SENSOR SOCIETY
PROJECT: THE FUTURE OF INTERACTIVITY
The Sensor Society is led by Mark Andrejevic, incoming Professor in Communications and Media Studies, Monash University. This theme explores emerging trends in digital information and communication technologies from a societal perspective. The implementation of technological advances depends not simply on engineering and technical innovations, but on the ability to envision and address the societal consequences that flow from such developments. As interactive capabilities come to characterize a growing range of objects and spaces, there is a tendency toward increasingly interdependent forms of connectivity as well as toward the automation of data collection, processing, and response. These developments have implications for the use of information and communication technologies in education, health care, security, the workplace, politics, and beyond. The “tableting” of the schools, for example, allows for enhanced forms of customized instructional delivery and the reconfiguration of classroom relations, while also generating large amounts of data about students in ways that can raise privacy concerns (not least because of an increasing reliance upon commercial educational platforms).

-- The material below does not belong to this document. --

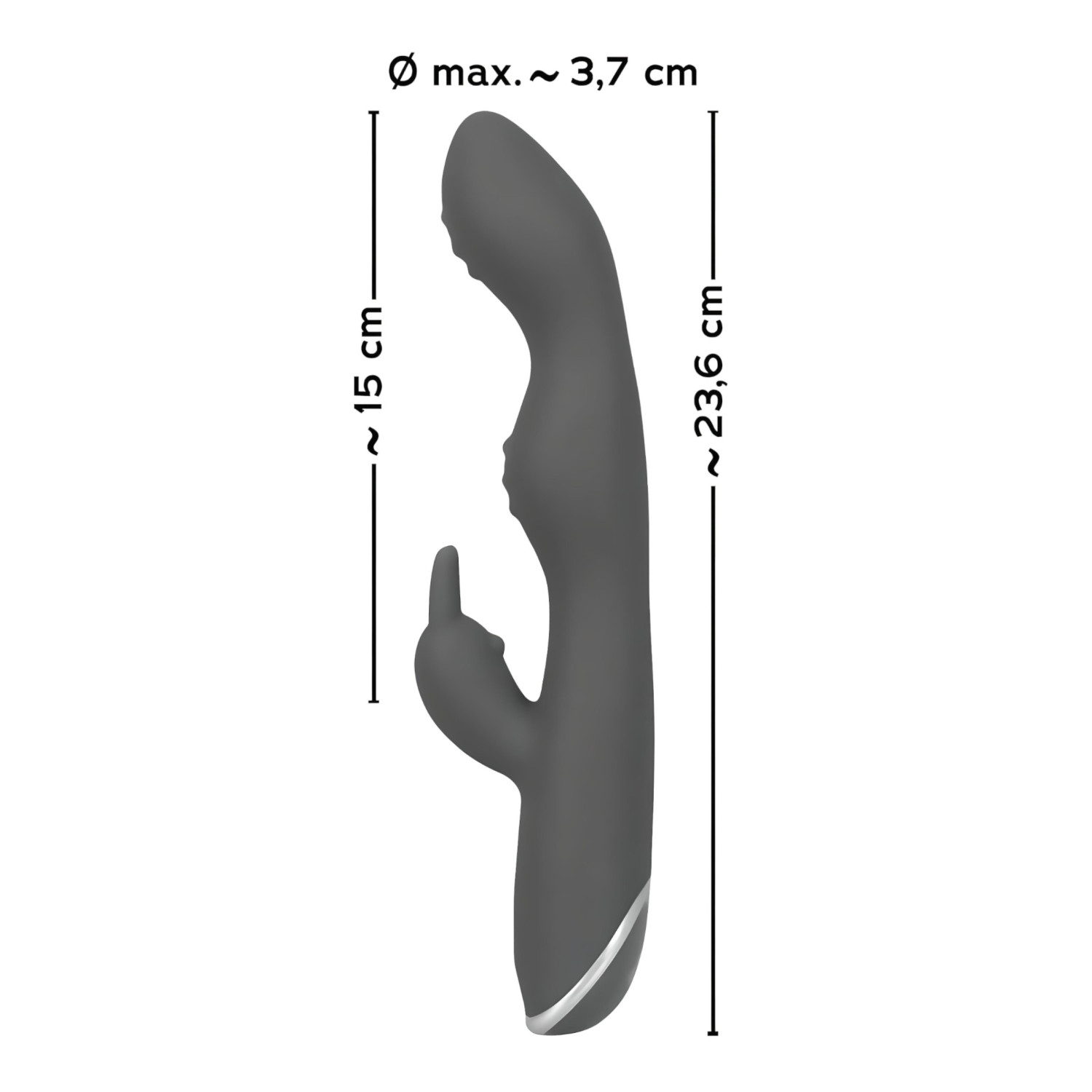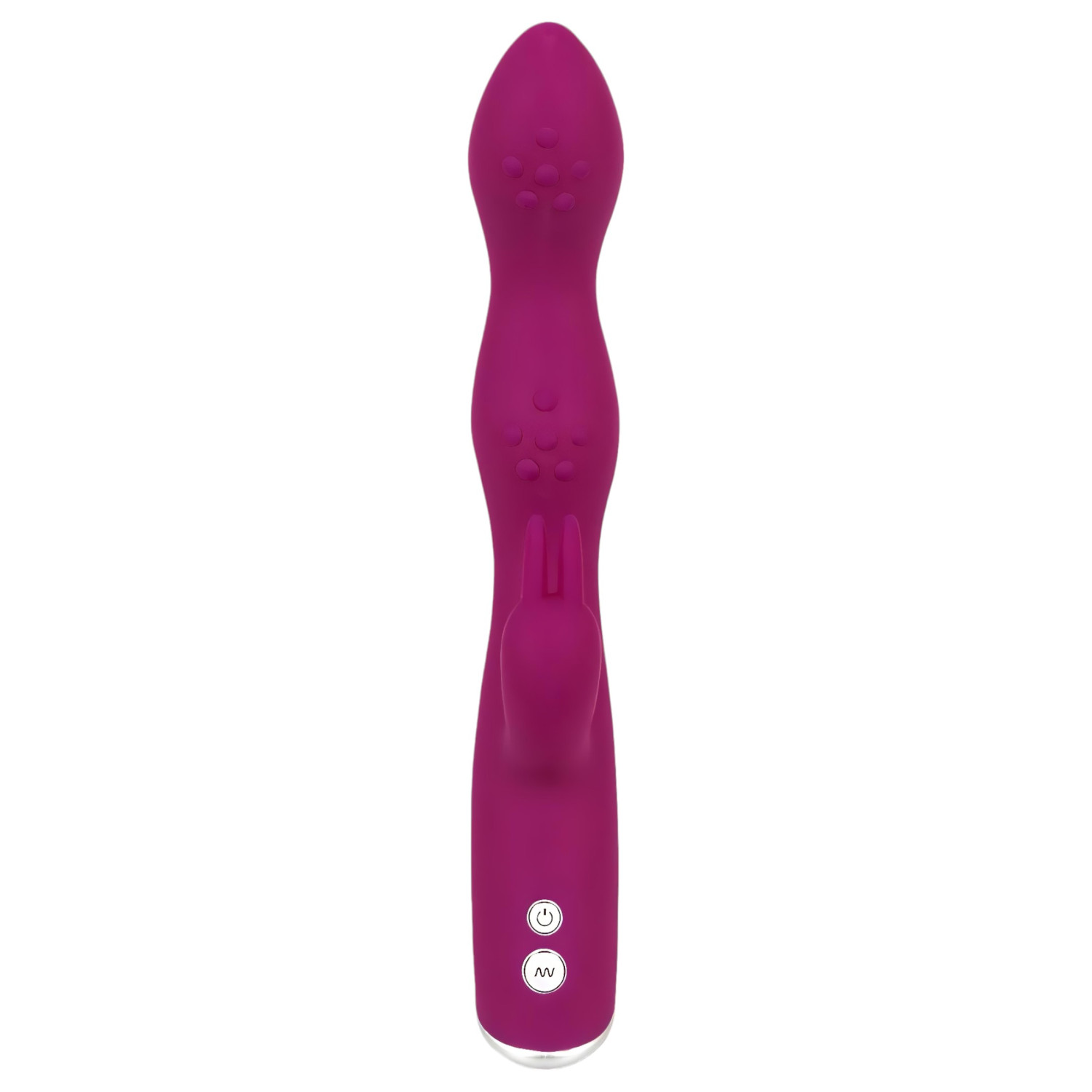 Svært bøybar vibrator laget av hudvennlig silikon, ideell for personer med sensitiv hud.Stimulerer samtidig G-punktet, A-punktet og klitoris for økt fuktighet!

The theme explores how data mining transforms decision-making processes in ways that affect individual life chances and strategic planning processes in the public and private sectors. Data driven decision-making processes promise to increase efficiency and reliability but also raise the specter of new forms of discrimination and social sorting. Potential research themes include:
1) The smart city: the social implications of interactive infrastructures;
2) Networked sociality: the ways in which social media continue to reconfigure social interactions, and identity in a range of spheres of social practice;
3) The internet of things: changing patterns of interaction associated with the layering of interactivity across the object world and the spaces of labor, leisure, and domesticity;
4) Big data and society: political and cultural consequences of the automation of data collection and data processing.